Genetic and environmental risks for autism
Environmental factors, including gestational exposure to pyrethroid pesticides and valproic acid, are implicated in risk for autism. However, these environmental risks were identified retrospectively, after a large number of people were exposed. We currently lack a way to systematically evaluate which environmental-use chemicals have the greatest potential to harm the developing brain. Our research program is guided by the hypothesis that “candidate” environmental risks for autism and other neurodevelopmental disorders can be identified rationally, by identifying chemicals and mixtures that target molecular pathways implicated in these disorders. Our long term goals are to 1) identify environmental-use chemicals and mixtures that target molecular pathways implicated in neurodevelopmental disorders. These studies will utilize primary human neural progenitor cells (phNPCs), primary neurons, and endpoints that are compatible with high-throughput screening. 2) Assess real world exposure to these chemicals/mixtures. If environmental sampling and biomonitoring data are not available for these chemicals/mixtures, we will work with a network of Environmental Health Science (EHS) researchers to collect these data. 3) Evaluate exposure risk in vivo using wild-type and CRISPR/Cas9-engineered mice that model human de novo autism-linked mutations.

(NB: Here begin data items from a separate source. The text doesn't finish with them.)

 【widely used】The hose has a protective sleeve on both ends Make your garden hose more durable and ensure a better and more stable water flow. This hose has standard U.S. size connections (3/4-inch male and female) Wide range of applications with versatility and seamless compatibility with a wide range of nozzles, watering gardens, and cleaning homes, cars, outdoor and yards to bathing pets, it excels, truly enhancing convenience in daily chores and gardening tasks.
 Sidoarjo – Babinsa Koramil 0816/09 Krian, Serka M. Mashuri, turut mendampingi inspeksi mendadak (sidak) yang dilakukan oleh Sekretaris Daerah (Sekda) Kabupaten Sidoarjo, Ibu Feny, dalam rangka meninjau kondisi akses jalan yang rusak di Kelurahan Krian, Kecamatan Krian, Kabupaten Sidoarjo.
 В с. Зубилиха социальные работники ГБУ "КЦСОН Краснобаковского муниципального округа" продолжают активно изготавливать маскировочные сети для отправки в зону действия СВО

CRISPR/Cas gene therapy for Angelman Syndrome
Angelman syndrome (AS) is a severe neurodevelopmental disorder caused by deletion or mutation of the maternal allele of UBE3A. UBE3A is biallelically expressed in nearly all cells of the body except in mature neurons, where the paternal allele is silenced by an extremely long non-coding RNA called UBE3A-ATS. In light of this biology, the most direct way to treat behavioral dysfunctions associated with AS is to unsilence the intact paternal UBE3A allele. We are evaluating the extent to which CNS-directed delivery of Cas9 and a gRNA that targets Ube3a-ATS can enduringly unsilence paternal UBE3A and treat behavioral phenotypes associated with Angelman syndrome. We are using adeno-associated virus (AAV) for delivery because it can drive gene expression for years in the brain. This research has the potential to advance a breakthrough first-in-class treatment for a pediatric-onset autism spectrum disorder.

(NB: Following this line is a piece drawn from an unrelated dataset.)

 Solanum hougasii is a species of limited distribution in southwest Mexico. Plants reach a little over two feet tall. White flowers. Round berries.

Automated measurement of spontaneous pain in mice from facial expressions
Opioid analgesics are commonly used to treat pain but have serious side effects, including addiction, dependence, and death from overdose. The Mouse Grimace Scale (MGS) was developed to quantify characteristic facial expressions associated with spontaneous pain. The MGS is reproducible across labs and was used to evaluate the efficacy of analgesics. However, the MGS has not been widely adopted due to its high resource demands and low throughput. To overcome this limitation, we adapted a machine learning model to classify the presence or absence of pain from mouse facial expressions. We called this model the automated Mouse Grimace Scale (aMGS). However, our original “aMGS 1.0” is limited in several respects. We are working to overcome all of these limitations by developing a more sophisticated version of our automated pain classifier (aMGS 2.0). The machine learning algorithm and associated platform will include a cloud-based data repository and analytic tools to facilitate curation of public data, continuous improvement of the model over time, and integration of new analytic tools.